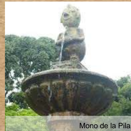
Mono de la Pila
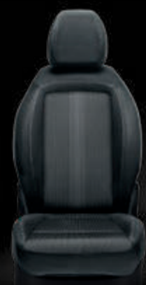
Tela Skyline negra/gris con costuras dobles
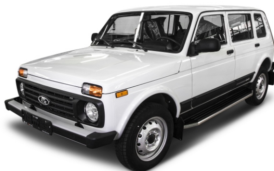
Общий вид автомобиля с порогом

Перед установкой изделия необходимо убедиться, что автомобиль, на который планируется установка, соответствует модельному ряду, указанному в настоящей инструкции. В случае затруднений с определением соответствия обращайтесь службу технической поддержки supp@rivalauto.com . В случае наезда на препятствие необходимо убедиться в отсутствии повреждений и агрегатов автомобиля и пригодности дальнейшей эксплуатации порогов. При правильной установке пороги не должны касаться узлов и агрегатов автомобиля. Производитель вправе вносить изменения в конструкцию порогов.
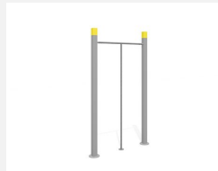
SWC.4009 Dance Pole 009
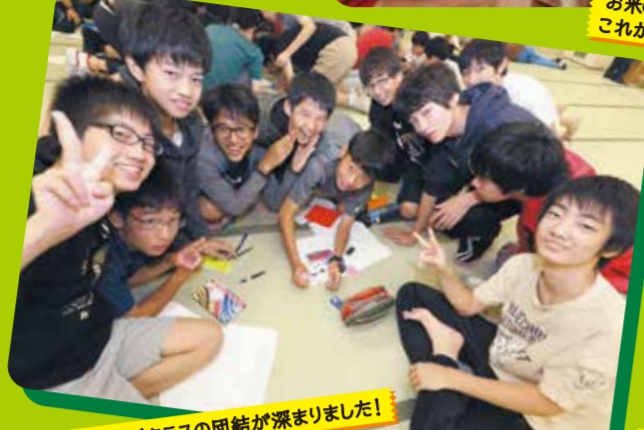
体験旅行でクラスの団結が深まりました!
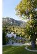
Lin.I, Hauptfassade von S-W, von der unteren Terrasse, Linde, DI005774, BSV
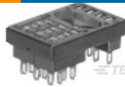
TE 产品编号 3-1393143-6 27E342=SOCKETS
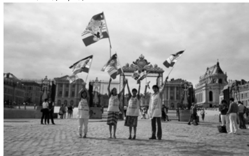
▲ 勇士們在法國皇宮前豎立萬民大旗，宣告君王必被牽引而來
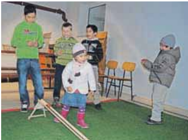
Popoldansko druženje ob velikonočnih igrah

Mladi in starejši pa se veselijo popoldanskega velikonočnega druženja na sam praznik, ko se srečajo ob velikonočnih igrah, pirhanju in fucanju.
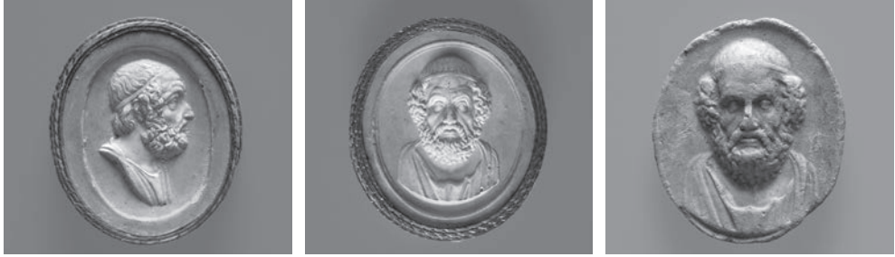
Fig. 5a-c. Busto de Homero em gesso patinado, terracota e gesso patinado rosa.
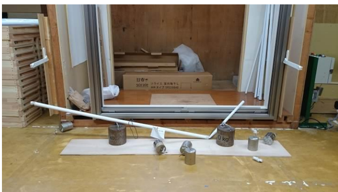
60kgf 負荷 竿の合わせ部分に負荷後破損する。
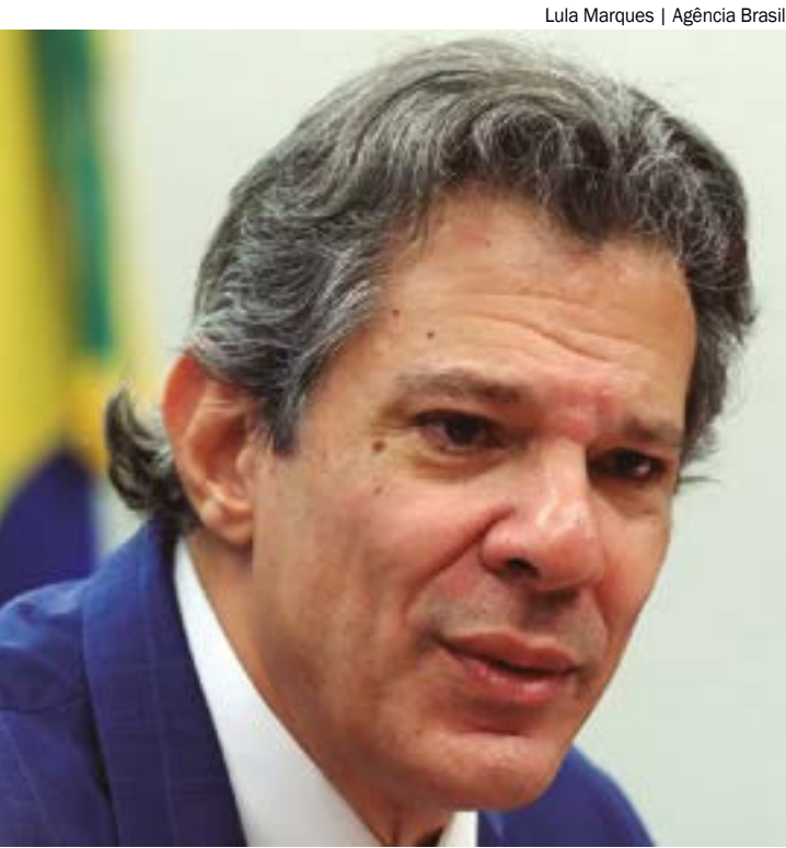
Lula Marques | Agência Brasil

Sobre os gastos com a compensação da União às previdências de servidores públicos estaduais e municipais, a pasta informou que o teto da dotação orçamentária inicial tem o objetivo de aumentar a eficiência na análise dos processos em que o governo federal é credor dos entes (estados e municípios). A Fazenda quer estimular o encontro de contas entre o que a União deve aos regimes de previdência estaduais e municipais e o que ela tem a receber deles.
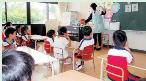
ごはんを食べるときのお約束は(年中組)
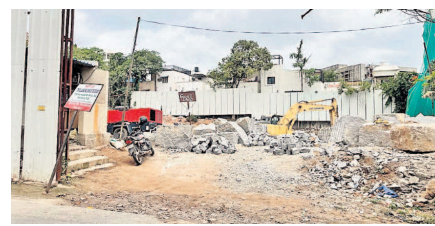
బంజారాహిల్స్ రోడ్డు నంబర్ 5లో ప్రభుత్వ స్థలంలో పనులు నిర్వహిస్తున్న దృశ్యం

షేక్ పేట మండల పరిధిలోని బంజారాహిల్స్ రోడ్డు నంబర్ 4 నుంచి దేవరకొండబస్తీకి వెళ్లే దారిలో ఎఫ్కే కన్స్ట్రక్షన్ పేరుతో 600 గజాల స్థలంలో భవన నిర్మాణం చేస్తున్నారు. దీనికోసం జీహెచ్ఎంసీ నుంచి అనుమతులు తీసుకుని బండరాళ్లు తొలగించే పనులు చేస్తున్నారు. కాగా ఆ స్థలా నికి ఆనుకుని సుమారు 400గజాల యూఎల్సీ ల్యాండ్ ఉంది. ఈ స్థలంలో ఏర్పాటు చేసిన డ్రషభుత్వ హెచ్చరిక
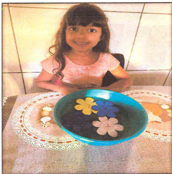
Fase II A
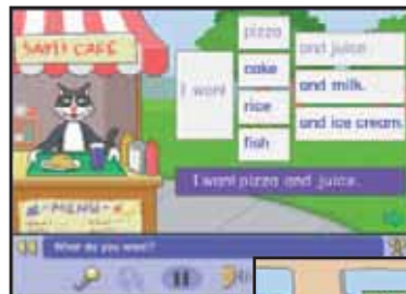
Les unités de grammaire apprennent aux enfants à construire des phrases avec les mots nouvellement acquis.
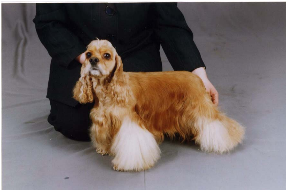
МАКЛАУД ШЕМИ вл. Плем. Питомник «ШЕМИ»
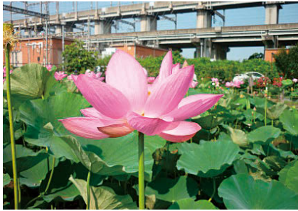
原市沼蓮池のハスの花
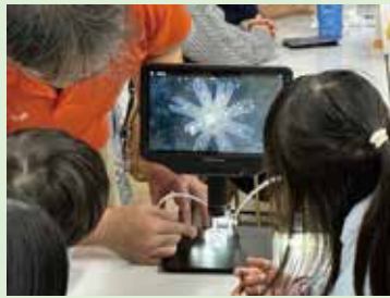
▲顕微鏡でエフィラのお食事の様子などを観察

参加者アンケートには絵入りの感想や感謝の言葉が記されていて、大変うれしく思いました。運営のサポートをいただいた職員およびボランティアの皆様にもこの場を借りてお礼申し上げます。(里見)
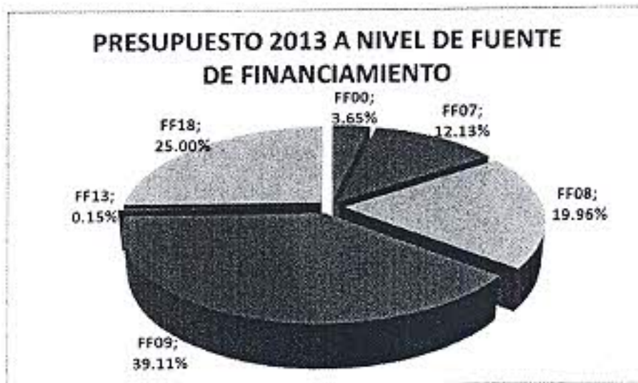
Gráfico N° 01 Distribución presupuestal por Fuente de Financiamiento para el año 2013

En el Gráfico N° 01 se muestra la distribución del presupuesto por fuentes de financiamiento, apreciándose principalmente que la mayor asignación está dada por la fuente 09 Recursos Directamente Recaudados con un 39.55%, seguidamente por la fuente 18 Canon y Sobrecanon, Regalías, Renta de Aduanas y Participaciones con el 25.28%, por la fuente 08 Impuestos Municipales con el 20.18%, por la fuente 07 FONCOMUN con el 12.27%, por la fuente 00 Recursos Ordinarios con el 2.57%, y finalmente por la fuente 13 Donaciones y Transferencias con el 0.15%.
# # # # #
> _ASSIGNED TASK_
Retrieve all lines from the data that contain the string "velikonočnih".

> _TASK OUTPUT_
Popoldansko druženje ob velikonočnih igrah
Mladi in starejši pa se veselijo popoldanskega velikonočnega druženja na sam praznik, ko se srečajo ob velikonočnih igrah, pirhanju in fucanju.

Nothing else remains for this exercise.